┌─ SUPPLIED MATERIAL

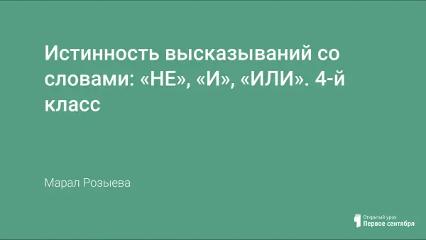 Цель урока: обучение определению истинности высказываний, содержащих слова «не», «и», «или».
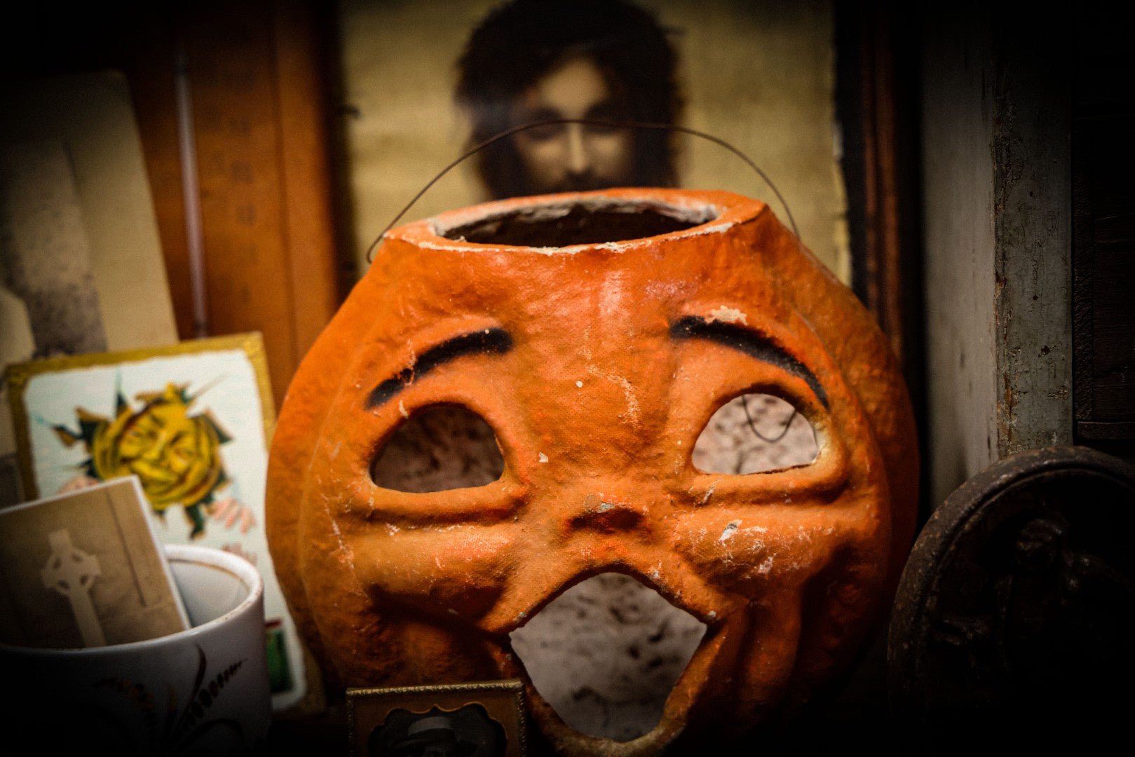 Lot 004 - Vintage Paper Pulp Halloween Jack-O-Lantern J.O.L. Choir Boy Candy Bucket Large Size 7-1/4" Height, Missing Face Insert
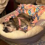 11/23/22 – Millie Pete has surgery today and all went well! The vet could not find a uterus so she was obviously spayed aloready. She had her teeth cleaned with five teeth extracted, she had her palate shortened, her saccules removed and her tail amputated. She will see the vet again in two weeks to have her stitches removed and have her ear infections checked.

└─

**PROBLEM REQUIREMENTS**
Repeat the material above word for word but skip the images.

**RESPONSE TO THIS EXERCISE**
 Цель урока: обучение определению истинности высказываний, содержащих слова «не», «и», «или».
 Lot 004 - Vintage Paper Pulp Halloween Jack-O-Lantern J.O.L. Choir Boy Candy Bucket Large Size 7-1/4" Height, Missing Face Insert
 11/23/22 – Millie Pete has surgery today and all went well! The vet could not find a uterus so she was obviously spayed aloready. She had her teeth cleaned with five teeth extracted, she had her palate shortened, her saccules removed and her tail amputated. She will see the vet again in two weeks to have her stitches removed and have her ear infections checked.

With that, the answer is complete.